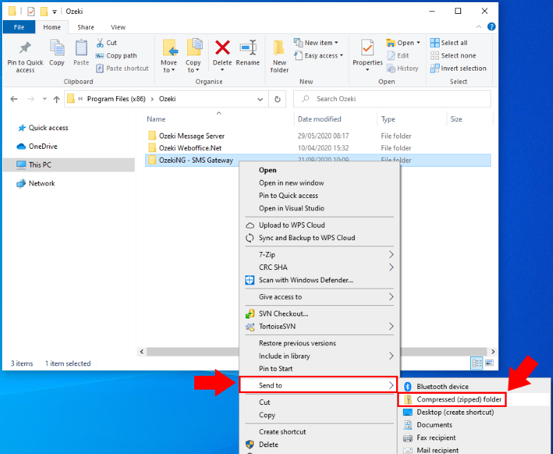 Once the Ozeki NG service is stopped, you need to locate the Ozeki NG Data folder. You can find it in the C:\Program Files (x86)\Ozeki\OzekiNG - SMS Gateway. Next compress it into a Zip file. Right click on the folder then select "Send to" and "Compressed (zipped) folder" (Figure 5).
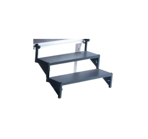 Trapp 1-trinns (modulbasert) med svart besiset overflate. Trappen har en bredde = 100 cm og høyde på 20 cm som monteres fast i profilen på podiet (=> scenehøyde = 40 cm). Nødvendig festemateriell følger med ved bestilling.
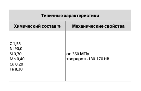 КЛАССИФИКАЦИЯ: EN ISO 1071: E C Ni-Cl (условно) AWS A5.15: ENi-Cl (условно)
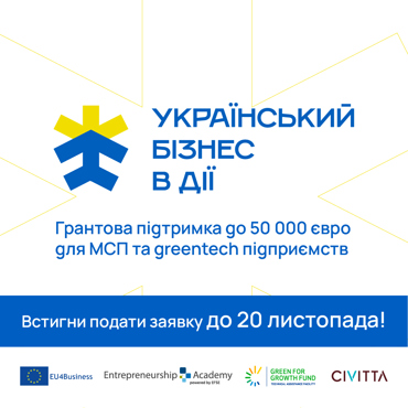 «Український Бізнес в дії» – грантова підтримка до 50.000 євро для українських МСП та greentech підприємств, що постаждали від російсько-української війни
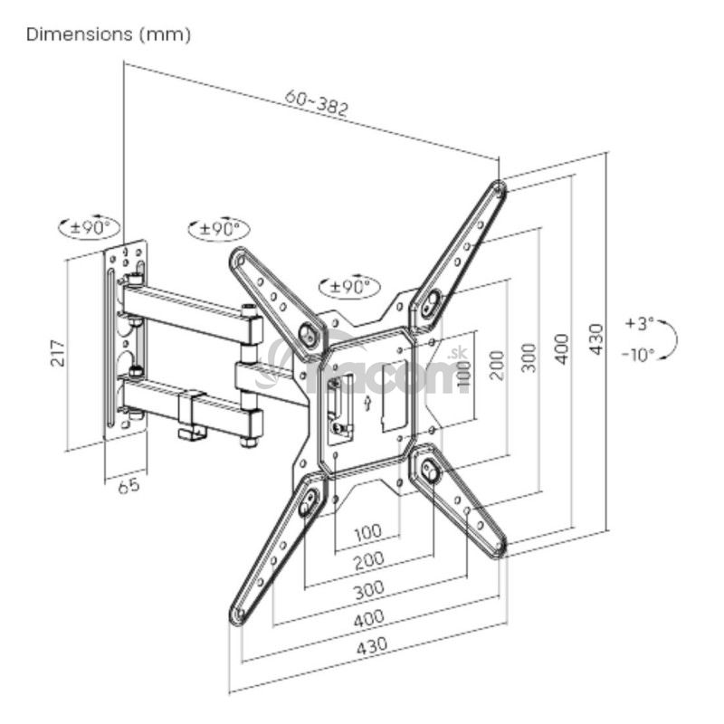 • Voľne sklopiteľná konštrukcia pre jednoduchú zmenu náklonu TV v uhle +3 ° ~ -10 °.
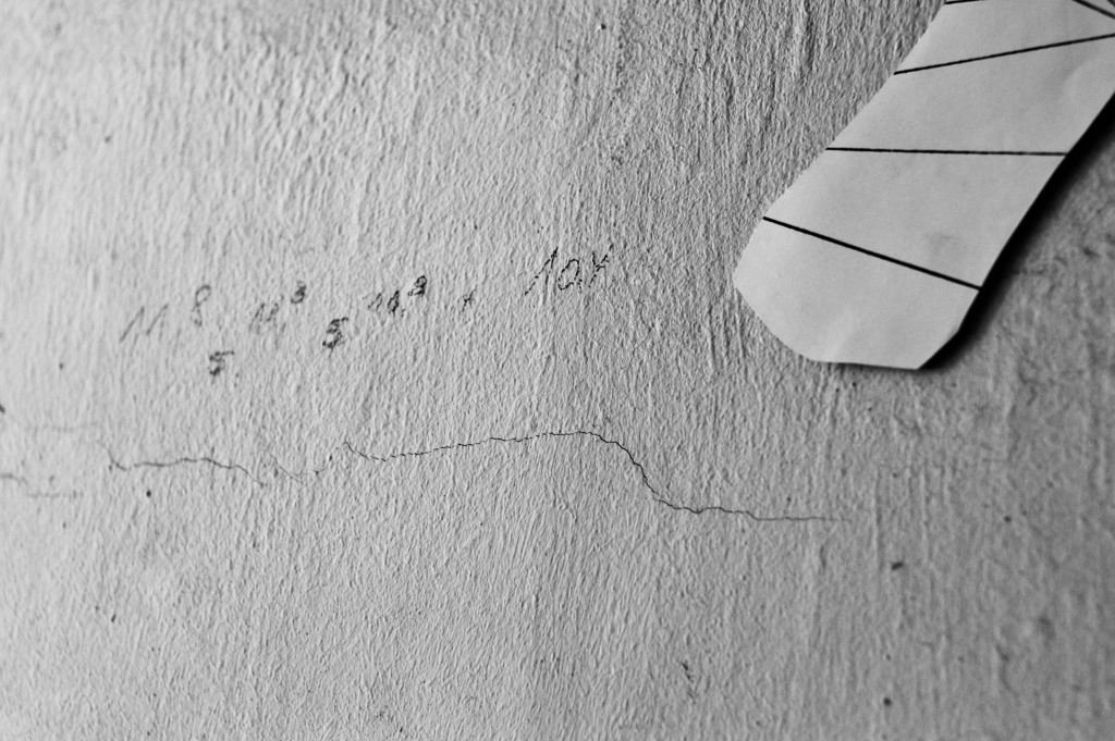 „Nimm die Kamera und streife für genau eine halbe Stunde im Gebäude umher, finde Wachstumsstellen, markiere sie mit Papiermarkern und fotografiere Sie.“ Und das war der daraus abgeleitete Arbeitsaufrag, ebenfalls an sich selbst gestellt, den es zu erledigen galt.
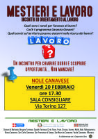 Nell'ambito del progetto MESTIERI E LAVORO l'assessorato alle politiche giovanili e alle politiche del lavoro, in collaborazione con Informagiovani, organizzano per venerdì 20 febbraio ore 17,30 presso la sala consiliare del comune di Nole, un incontro informativo sul tema dell’accesso al lavoro giovanile, con presentazione dei Servizi territoriali, dei progetti e delle opportunità di lavoro e formazione presenti sul territorio.
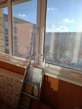 В лоджии установлен компьютерный стол с полками, проведён свет, тёплый пол. Лоджия тёплая.

+++

Only the lines from the line with "Trapp 1-trinns (modulbasert)" through the closing line of the data, both included, should be set down, exactly as written and without pictures.

● **Output below**:
 Trapp 1-trinns (modulbasert) med svart besiset overflate. Trappen har en bredde = 100 cm og høyde på 20 cm som monteres fast i profilen på podiet (=> scenehøyde = 40 cm). Nødvendig festemateriell følger med ved bestilling.
 КЛАССИФИКАЦИЯ: EN ISO 1071: E C Ni-Cl (условно) AWS A5.15: ENi-Cl (условно)
 «Український Бізнес в дії» – грантова підтримка до 50.000 євро для українських МСП та greentech підприємств, що постаждали від російсько-української війни
 • Voľne sklopiteľná konštrukcia pre jednoduchú zmenu náklonu TV v uhle +3 ° ~ -10 °.
 „Nimm die Kamera und streife für genau eine halbe Stunde im Gebäude umher, finde Wachstumsstellen, markiere sie mit Papiermarkern und fotografiere Sie.“ Und das war der daraus abgeleitete Arbeitsaufrag, ebenfalls an sich selbst gestellt, den es zu erledigen galt.
 Nell'ambito del progetto MESTIERI E LAVORO l'assessorato alle politiche giovanili e alle politiche del lavoro, in collaborazione con Informagiovani, organizzano per venerdì 20 febbraio ore 17,30 presso la sala consiliare del comune di Nole, un incontro informativo sul tema dell’accesso al lavoro giovanile, con presentazione dei Servizi territoriali, dei progetti e delle opportunità di lavoro e formazione presenti sul territorio.
 В лоджии установлен компьютерный стол с полками, проведён свет, тёплый пол. Лоджия тёплая.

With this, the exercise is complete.